Could every line below be transcribed exactly, with the pictures dropped?
(STORED DATA begins)
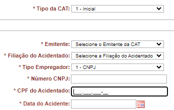 13. Digite o CPF do acidentado;
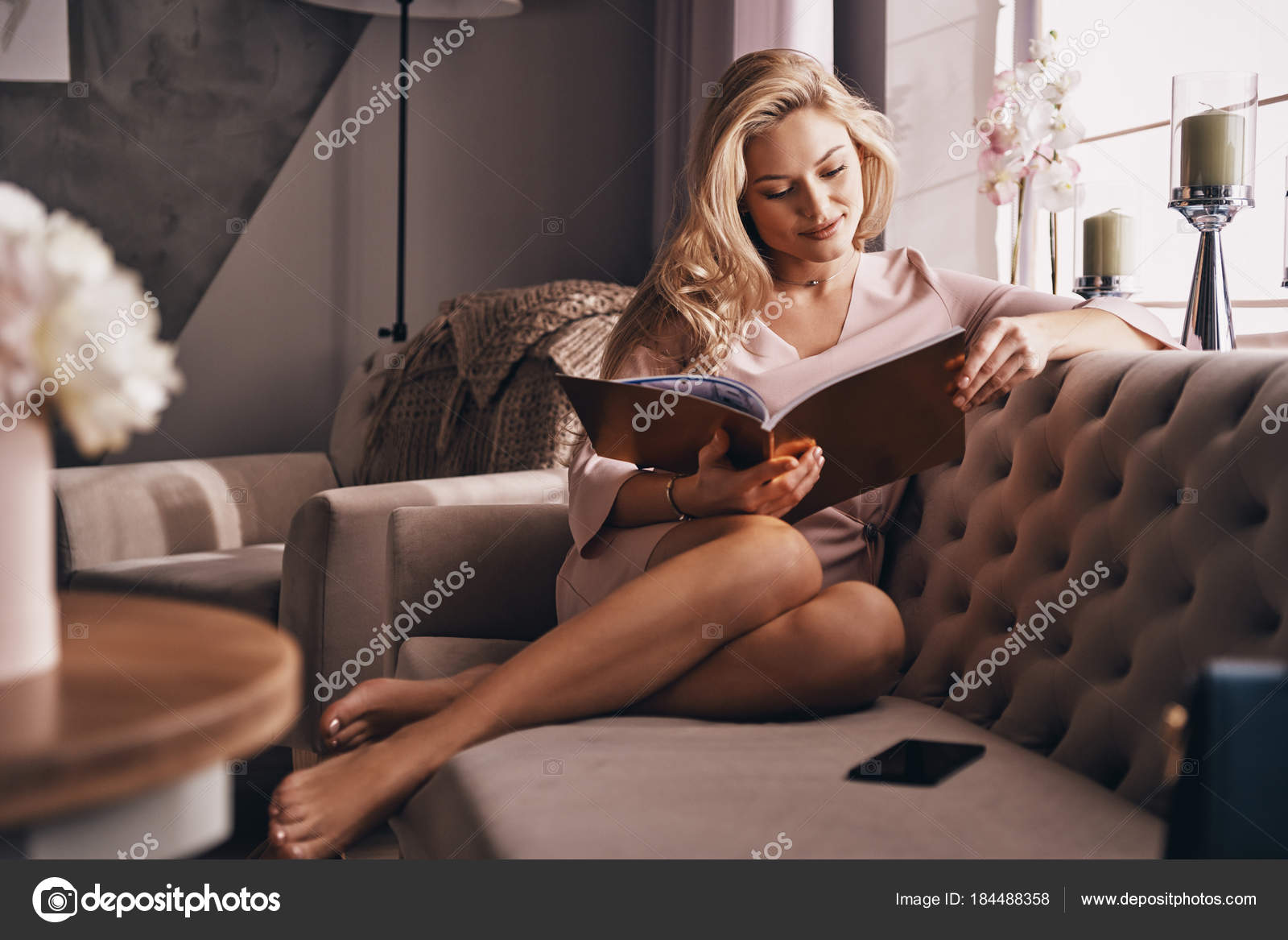 Woman reading vogue showing feet
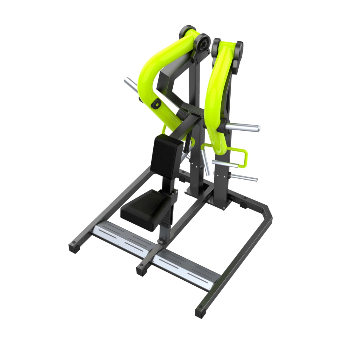 Подвижные рычаги выполнены из изогнутого круглого стального профиля без сварных соединений в рабочей зоне, что повышает прочность конструкции и придаёт тренажёру современный и выразительный внешний вид.
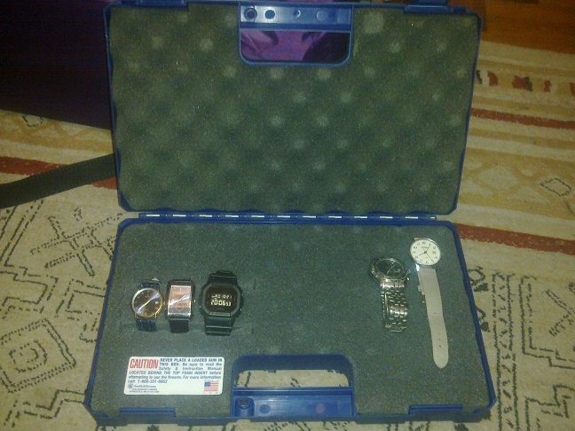 Jest to walizka po pistolecie ASG Smith&Wesson. Zegarki po lewej są zapięte na kawałku wyciętej pianki, a resztę spokojnie można kłaść luzem. Po zamknięciu górna pianka dociska dół i zegarki się nie przemieszczają. W miarę potrzeb dotnę sobie piankę na więcej zegarków gdyż jak wiadomo nie każdy leży na płasko jak ta Sława po prawej. Wizualnie szału nie ma ale są bezpieczne i wg mnie lepiej zainwestować w nowy zegarek niż kupować drogie pudełko. Tu wylądują zegarki które będą leżakować. Zegarki które noszę naprzemiennie pozostaną w eleganckim skórzanym pudełku na 5 zegarków.
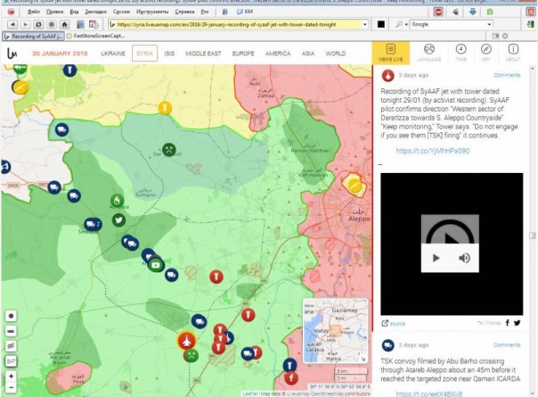 Тактическая ситуация на границе Алеппо и Идлиба на 29.01.18. Светло-зелёный участок — территория, подконтрольная «ан-Нусре» и иным террористическим группировкам, жёлтый — южный сектор кантона Африн, красный — территории, освобождённые Сирийской Арабской Армией. Синие «маркеры» отображают места прохождения турецкого конвоя (наблюдается полное согласование действий ВС Турции с террористами из «Тахрир аш-Шам»), красные «маркеры» — точки нанесения ответных артиллерийских ударов САА по террористам и содействующему конвою
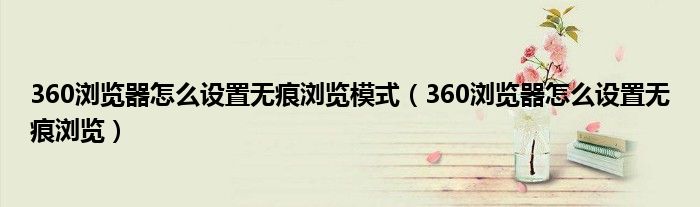 360浏览器怎么设置无痕浏览模式(360浏览器怎么设置无痕浏览)
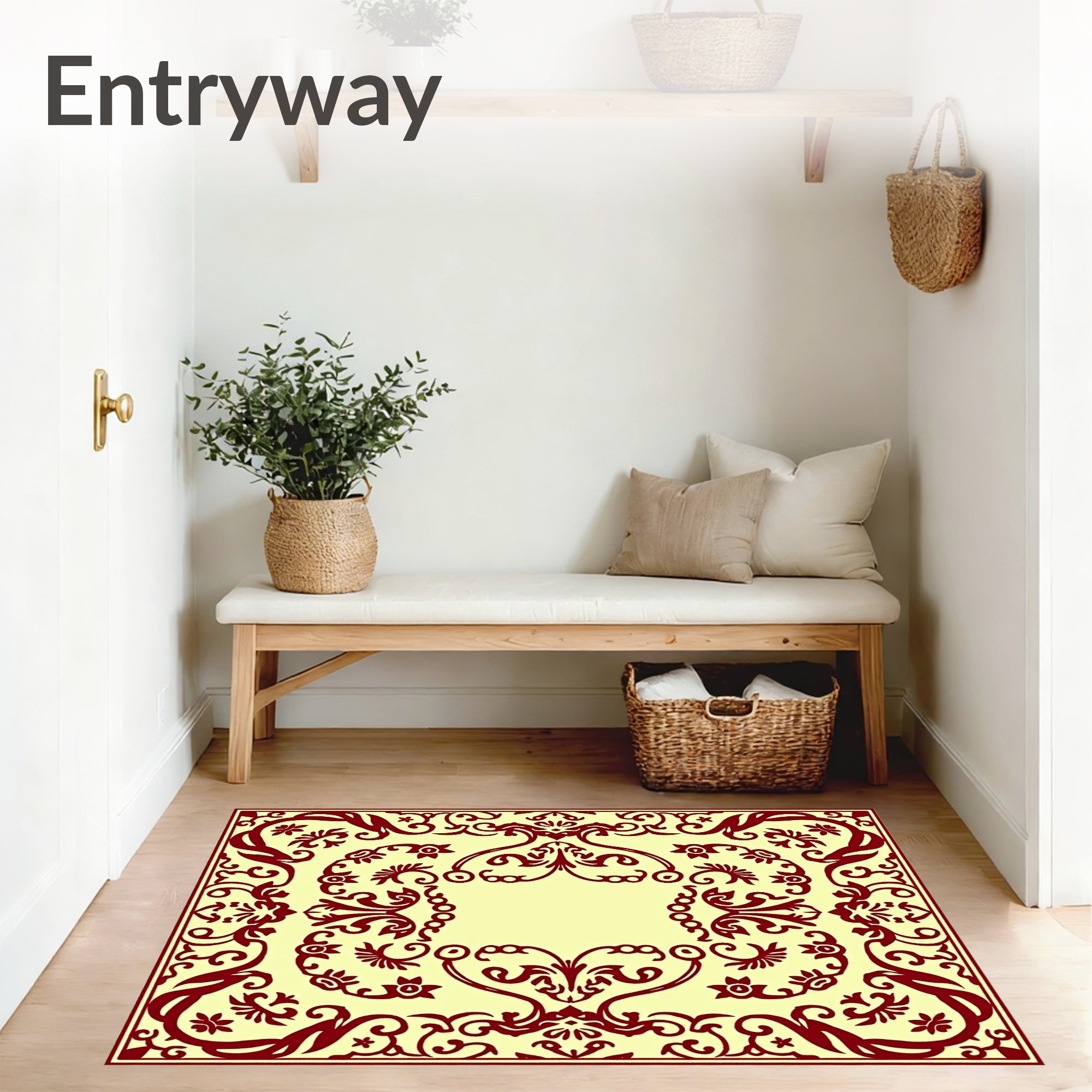 Damask Scroll Work Easy Clean Floor with Elegant Curves(Beige)
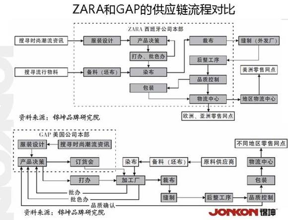 当ZARA成功运作极速供应链把曾经的服装连锁业的老大GAP挤下王座的时候,我们应该要知道ZARA究竟是哪些环节上领先一步。
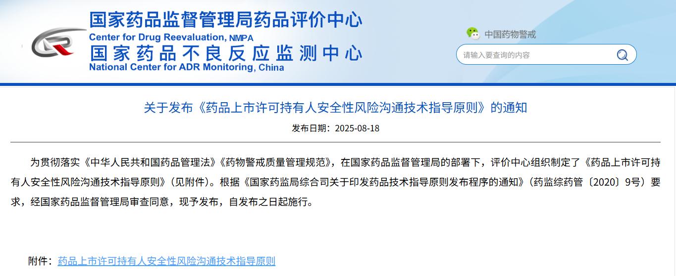 关于发布《药品上市许可持有人安全性风险沟通技术指导原则》的通知
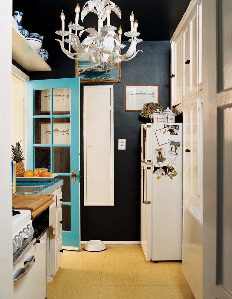 This kitchen inspires us to take risks – and we will in 2015! A bold wall color instantaneously transforms even the most humble of places. Go the extra mile and adorn the space with an eclectic chandelier.
(STORED DATA ends)
RESPONSE BELOW:
 13. Digite o CPF do acidentado;
 Woman reading vogue showing feet
 Подвижные рычаги выполнены из изогнутого круглого стального профиля без сварных соединений в рабочей зоне, что повышает прочность конструкции и придаёт тренажёру современный и выразительный внешний вид.
 Jest to walizka po pistolecie ASG Smith&Wesson. Zegarki po lewej są zapięte na kawałku wyciętej pianki, a resztę spokojnie można kłaść luzem. Po zamknięciu górna pianka dociska dół i zegarki się nie przemieszczają. W miarę potrzeb dotnę sobie piankę na więcej zegarków gdyż jak wiadomo nie każdy leży na płasko jak ta Sława po prawej. Wizualnie szału nie ma ale są bezpieczne i wg mnie lepiej zainwestować w nowy zegarek niż kupować drogie pudełko. Tu wylądują zegarki które będą leżakować. Zegarki które noszę naprzemiennie pozostaną w eleganckim skórzanym pudełku na 5 zegarków.
 Тактическая ситуация на границе Алеппо и Идлиба на 29.01.18. Светло-зелёный участок — территория, подконтрольная «ан-Нусре» и иным террористическим группировкам, жёлтый — южный сектор кантона Африн, красный — территории, освобождённые Сирийской Арабской Армией. Синие «маркеры» отображают места прохождения турецкого конвоя (наблюдается полное согласование действий ВС Турции с террористами из «Тахрир аш-Шам»), красные «маркеры» — точки нанесения ответных артиллерийских ударов САА по террористам и содействующему конвою
 360浏览器怎么设置无痕浏览模式(360浏览器怎么设置无痕浏览)
 Damask Scroll Work Easy Clean Floor with Elegant Curves(Beige)
 当ZARA成功运作极速供应链把曾经的服装连锁业的老大GAP挤下王座的时候,我们应该要知道ZARA究竟是哪些环节上领先一步。
 关于发布《药品上市许可持有人安全性风险沟通技术指导原则》的通知
 This kitchen inspires us to take risks – and we will in 2015! A bold wall color instantaneously transforms even the most humble of places. Go the extra mile and adorn the space with an eclectic chandelier.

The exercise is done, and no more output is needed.